Short Answer
To create a system user in Adobe Experience Manager (AEM), access the AEM Web Console, navigate to the User Management section, create a new user, and specify that it’s a system user.
What Are System Users
A system user in AEM is a non-human user that is often used for running services or scripts that need access to the JCR (Java Content Repository). These users are designed to interact with AEM’s backend apart from the usual human user workflows.
Step-by-Step Creation of a System User
Step 1: Access the AEM Web Console
- Log into AEM: Start by logging into the AEM Author instance with an account that has administrative privileges.
- Navigate to Tools: Go to the main navigation console, often found at the top of the screen, and select ‘Tools’.
- Open Security: Within Tools, find and click on the ‘Security’ section to open security-related settings.
Step 2: Open User Management
- User Administration: Inside the Security section, look for ‘User Administration’ or a similar term depending on your AEM version.
Step 3: Create the System User
- Create User: In the User Administration interface, locate and click on the ‘Create User’ button or link.
- Specify User Type: When prompted, select ‘Create System User’ from the options available in the dialog box.
Step 4: Fill in User Details
- Enter User ID: Type in a unique ID for the system user. This ID should be indicative of the user’s role or the services it will perform.
- Skip Password: System users typically do not have passwords since they are not meant to log in through the UI.
Step 5: Configure Permissions
- Assign Permissions: After creating the user, assign the appropriate permissions that align with the tasks the system user will perform.
Step 6: Verify the User Creation
- Check User List: Go back to the list of users to ensure that the system user has been successfully created.
Best Practices When Creating System Users
- Principle of Least Privilege: Grant only the permissions necessary for the tasks the system user needs to perform.
- Naming Conventions: Use a clear and consistent naming convention for system users to easily identify their purpose.
- Documentation: Document the creation and intended use of each system user for future reference and auditing.
Additional Information
Permissions and Access
Assigning permissions to system users is a critical step.
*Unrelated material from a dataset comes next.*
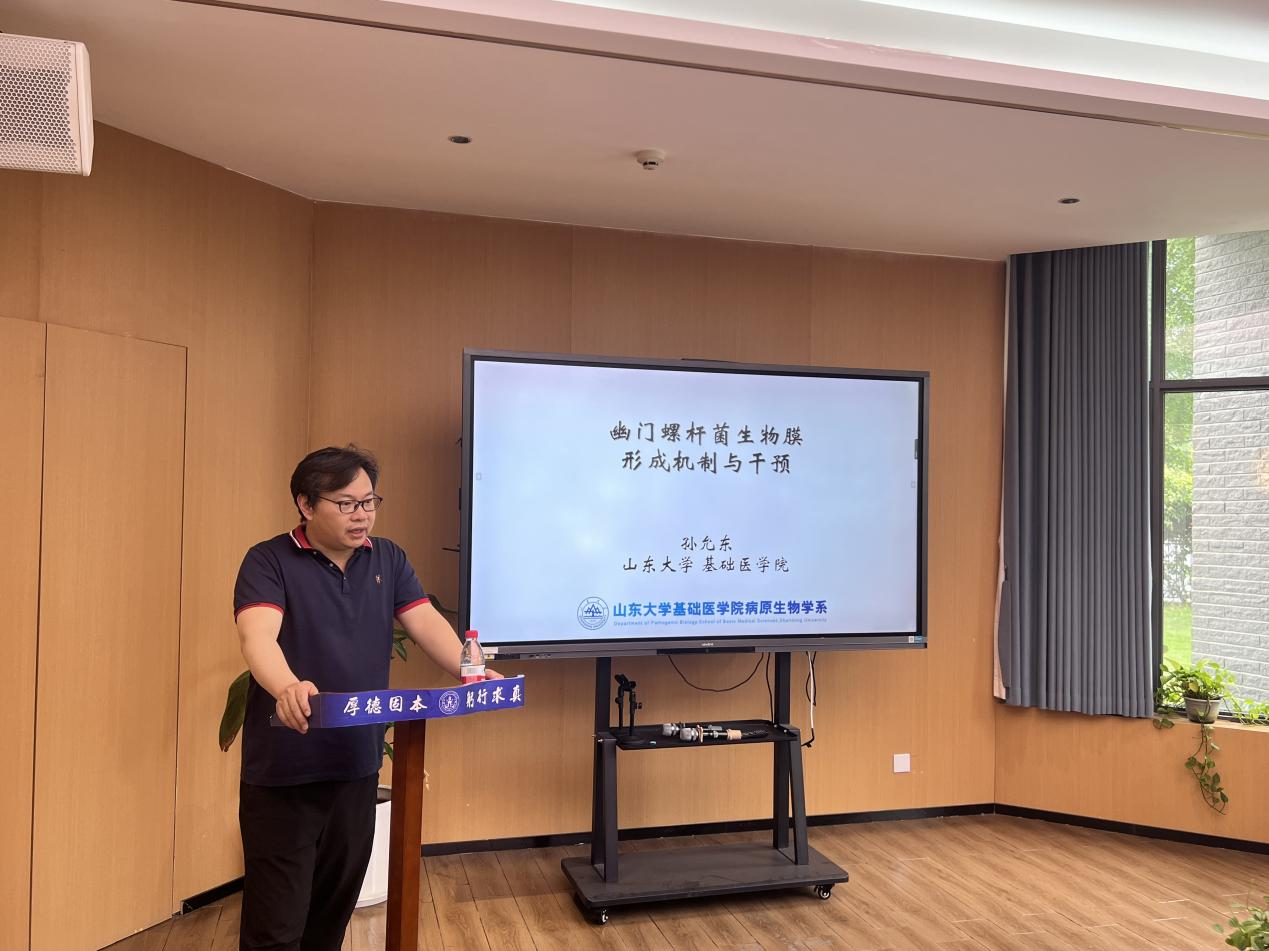 2025年5月16日,山东大学基础医学院病原微生物学系孙允东教授应邀到我院作学术报告并进行学术交流。孙允东教授长期从事医学幽门螺杆菌生物膜形成机制的微生物学研究,本次他以“幽门螺杆菌生物膜形成机制与干预”为题作学术报告。在报告中,孙教授介绍了团队近年来在幽门螺杆菌生物膜形成的机制相关研究成果:揭示了氧化应激诱导幽门螺杆菌生物膜形成机制,其中GluP、SpoT、NapA等基因在幽门螺杆菌生物膜的形成重具有关键作用,...

It is done either during the creation process or afterward by editing the user’s properties. You will need to navigate to the permissions tab or section within the user management interface and select the appropriate access levels for the system user.
Using CRX Explorer
For more advanced users, system users can also be created using the CRX Explorer, which is a low-level tool for repository operations in AEM:
- Go to CRX Explorer (/crx/explorer).
- Navigate to the ‘User Administration’ section.
- Create a new system user and assign permissions as needed.
Common Use Cases
System users are commonly used for:
- Services that run in the background without user intervention.
- Scripts that need to perform operations on the repository.
- External applications that interact with AEM via APIs.
Conclusion
Creating a system user in AEM involves several steps that include logging in with administrative privileges, navigating to the User Management section, creating a new system user, and configuring its permissions. It is a straightforward process that plays a vital role in AEM’s security and operations management. Always follow best practices by assigning the least privileges necessary and keeping clear documentation.